Dorau schuffelt in seinen seiden-glänzenden Schiffsdeck-Active Halbschuhen, wirft mal einen Arm hoch und animiert mit ein paar Jä-jä’s aus seinem stets nach Wim und Wum klingenden Kreideorgan jene Fans, die nun schon seit wieviel Jahren auf einen Auftritt ihres Helden warten mussten. Dass ihm gleich beim ersten Song „Inkonsequenz“ eine Strophe entfällt und mit „Nanananana“ überbrückt wird, macht ihn seinen Fans nur noch symphatischer und wird mit lauten Anfeuerungsrufen statt Unverständnis goutiert.

Doraus Haltung ist imPrinzip die eines deutschen Schlagerstars, doch wäre Dorau nicht Dorau würden unter dieser Verpackung nicht jener morbide Psychonihilismus stecken, der ihm jeden Auftritt im deutschen Schlagerzirkus verbietet. Dazu ist die Musik zu anarchistisch tanzbar, ein modern-treibener Housebeat zu Synthflächen, pittoreske Melodien und immer wieder Doraus entweder genial oder banal-pointierte Texte, die zeitweilig dermaßen flach gereimt sind, dass man ob ihrer Ohrwurmqualität nicht weiß ob man sie schon wieder zeitlos gut finden muss.
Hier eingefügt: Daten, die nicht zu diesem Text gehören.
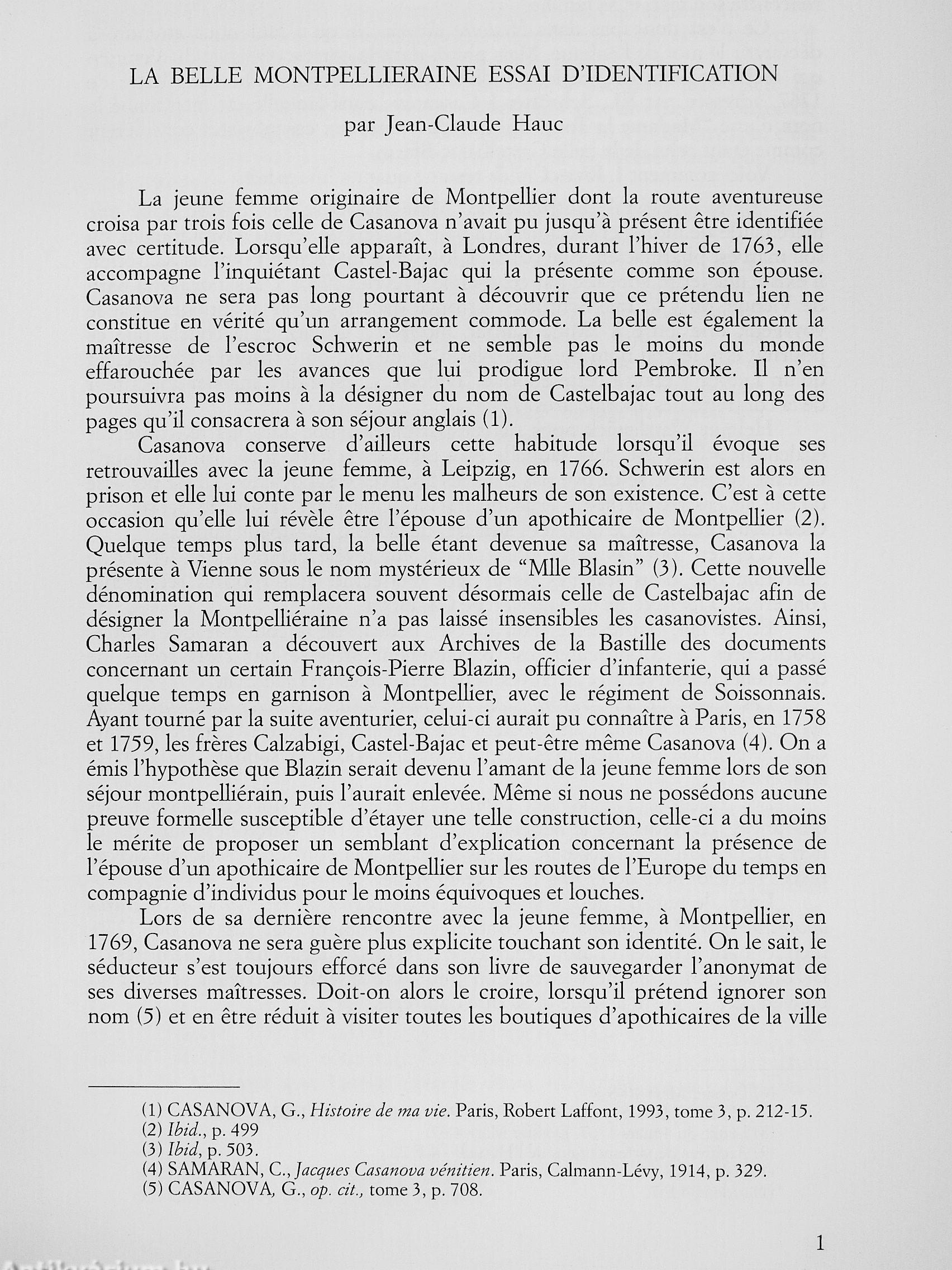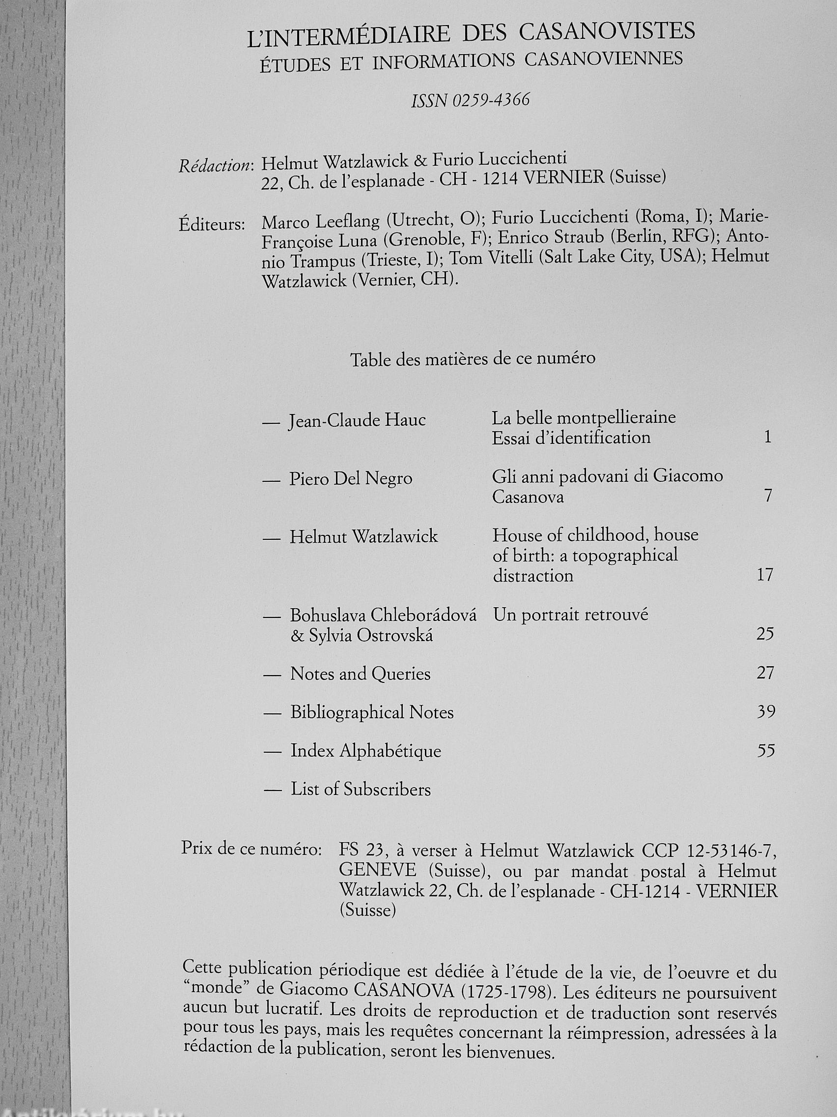 | Sorozatcím: | L'Intermédiaire des Casanovistes |

Dies macht Dorau zum ewigen Untergundentertainer seit Fred vom Jupiter, zum Star einer eingeschworenen Gemeinde, die hedonistisch denkt, aber tragisch lebt, und ihren eloquent-tragischen Helden Dorau jetzt auf einer Welle der Begeisterung über ein-einhalb Stunden durch ein Set neuer und bekannt alter Hits trägt.

Manches wird gleich mitgesungen, und als Dorau unsicher darüber, ob er sein längst verschwitztes Jacket ausziehen sollte, laut “ausziehen ausziehen” skandiert – sicherlich nicht ohne nur das Jacket zu meinen. Dies aber überhört Dorau geflissentlich, denn bei allem Größenwahn bleibt er gescheit und gescheitert genug um zumindest äusserlich in den Grenzen bürgerlicher Akzeptanz zu bleiben, gescheitelter Haarschnitt, ausrechenbar, ernsthaft und ohne Amy Winehouse Eskapaden (bis auf die Strophe) inklusive.

In Zeiten von glücklich gleichgeschalteten Ravern aber ist der absurd tanz- und abfeierbare Indieschlagerhaus- und Heimelektro Dorau’s allesamt unterhaltsamer, dessen überraschende Wiedergeburt im Jahr 2011 sich vielleicht noch zum Retter von deutschsprachigem Pop mausern könnte, so schlecht es um den Pop in Deutschland derzeit mal wieder steht. Das aktuelle Album Todesmelodien (Staatsakt, VÖ 17.6.2011), das dem einen ein Meisterwerk und dem anderen ein Grauen sein dürfte jedenfalls riecht mal wieder förmlich nach dem einen oder anderen Hit, wobei es an selber Stelle eben auch so dummdeutsche Totalflops wie “Schwarz Rot Gold: Hat das die Natur so gewollt?” hagelt. So‘n Durchfall passiert einem Jens Friebe jedenfalls nicht  – hoffe ich.

(Mehr von derc/o pop und auch Fotos nach dem Wochenende)



Kommentare / Comments:

  1.  
    1. Karl  

    "dummdeutsche Totalflops wie “Schwarz Rot Gold: Hat das die Natur so gewollt?” hagelt. " ????

    Hast Du das Lied gehört, oder nur seinen Titel gelesen?

    Hier ein paar Worte von Dorau zu diesem Lied:
    "Die deutsche Fahne ist einfach abgrundtief hässlich, so kam ich auf den Refrain: "Er ist schwarz-rot-gold / Hat das die Natur wirklich so gewollt?" Dann musste die Strophe her. Mir fiel ein, dass es diesen ekligen Vogel gibt, den Fadenpipra, der im brasilianischen Urlaub lebt und dessen Gefieder schwarz-rot-gold gefärbt ist. Die zweite Strophe lautet also: "Und würde man ihn danach fragen / willst du Deutschlands Farben tragen? / wählte er mit Sicherheit / ein schö-ne-res Farbenkleid"."